她顿了顿,低头看了看自己手腕上那些看不见的金丝线。
“逃出这个身份。”
周沅看着她,沉默了很久。
“殿下。”她忽然开口,“你知道你方才说的那些话,如果被别人听到,会是什么后果吗?”
“知道。”姬釉说,“大周的福气想逃,大周的百姓怎么办?”
她笑了,笑容里有一种让周沅说不出话的东西。
“可我不是福气。我是一个人。”
“一个人想活成自己的样子,有什么错?”
周沅看着她那发亮的眼睛微微道:“殿下你比所有人,想象的要强的多。”
“那我的丹。”
“下周我还会来。”周沅站起身,垂眸看着她,“殿下记得,一周一次,不可贪多。经脉扩张不是一蹴而就的事,贪快反而会伤根基。”
“那我还需要多久?”
“三年。”周沅道,“按现在的速度三年之后,殿下即可经脉俱全,比一般人快了五年。

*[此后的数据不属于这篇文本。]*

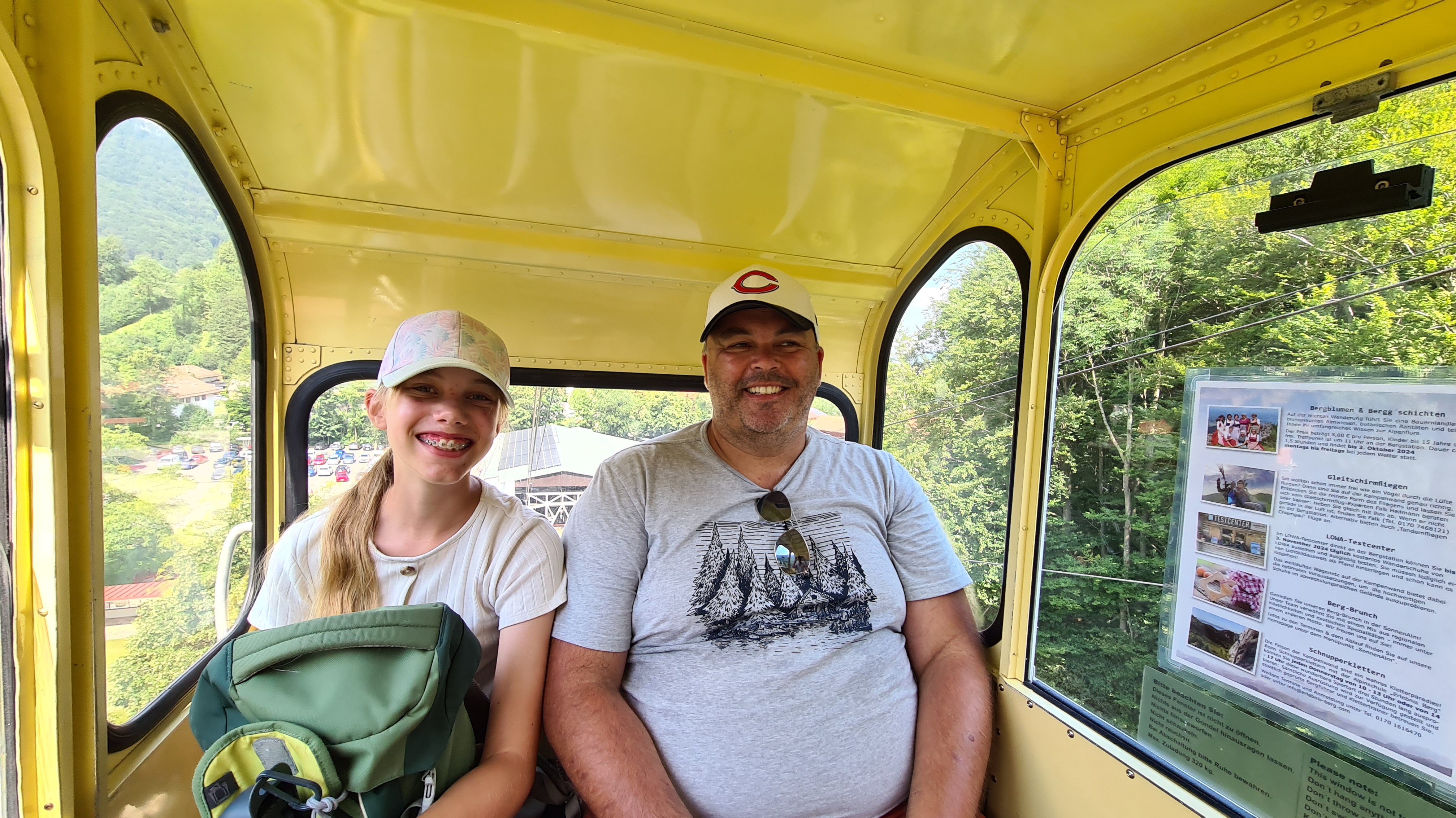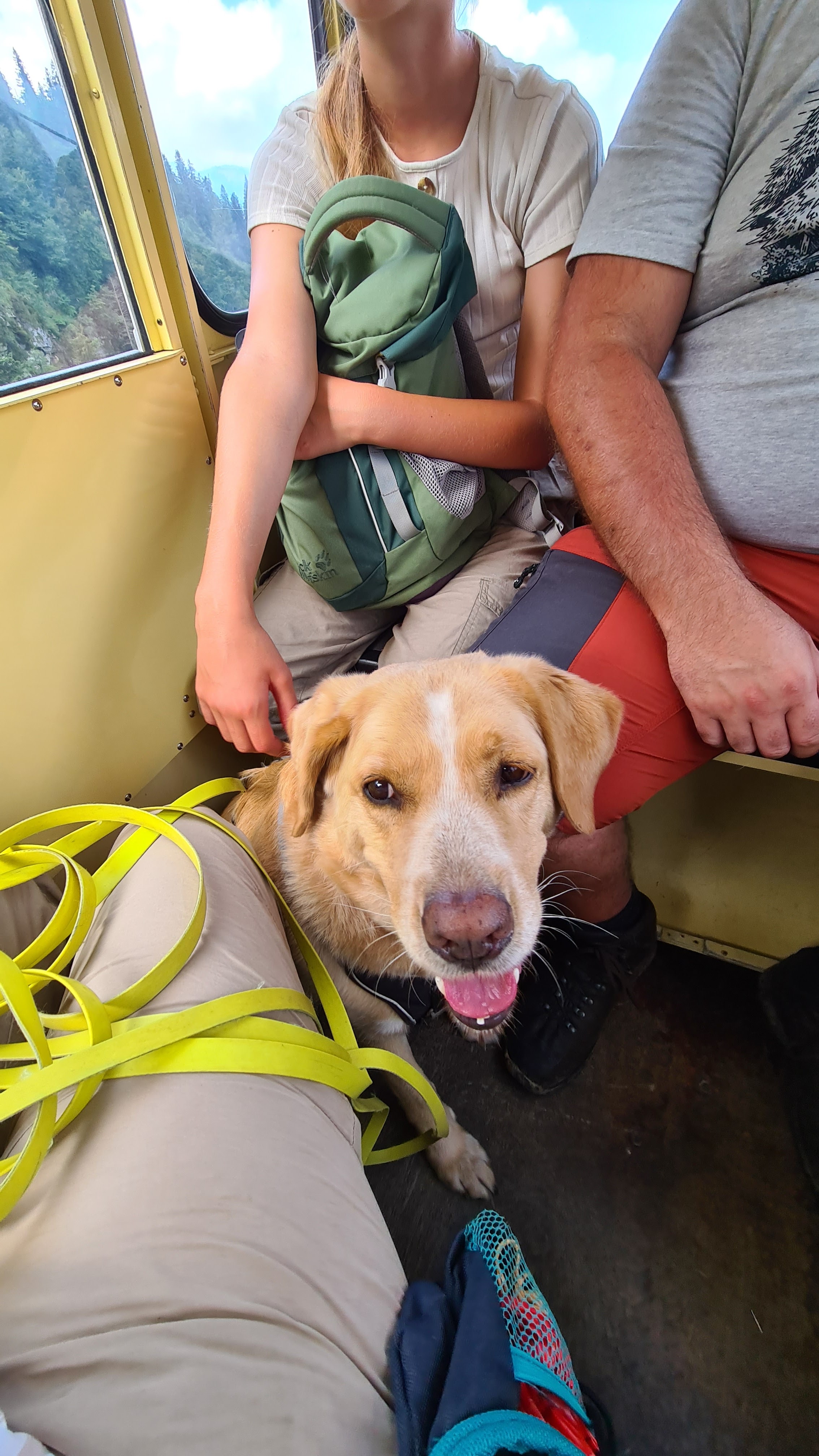 Wir bezahlen unsere Bergfahrt und steigen in die kleine Kabine. Unser Hund ist das alles nicht geheuer aber sie findet sich damit ab.

”
门被关上。
姬釉盯着帐顶,忽然笑了,笑得浑身发抖,笑得喘不上气,笑声从喉咙里挤出来,像碎瓷片刮过石板。
三年,她可等不了三年!
她翻身下床,脚踩在地上,腿是软的,踉跄了一步才稳住。
她走到墙角那盆兰草前,跪下去,手指抠进泥土里。
土是凉的。她摸到了。
那枚丹丸裹着潮湿的泥,被她攥在手心。和周沅给的那枚比起来,这东西简直不堪入目。
色泽灰败,表面坑洼,勉强算个球形。她甚至不确定这算不算“炼”出来的。
连周沅都没发现。她自己偷偷学会了炼丹,只是效果更差,也更疼。
拨了拨上面的土,送入口中。
咽下去了。
“哕——”
像吞了一块烧红的炭。她没有呕出来。
月光从窗格里斜进来,她笑的灿烂。
殿外,周沅隐了气息站在廊下,直到屋内那气血稳了下来,才离开。
走的远了,她回头看了一眼,才小声说了句。
“抱歉。”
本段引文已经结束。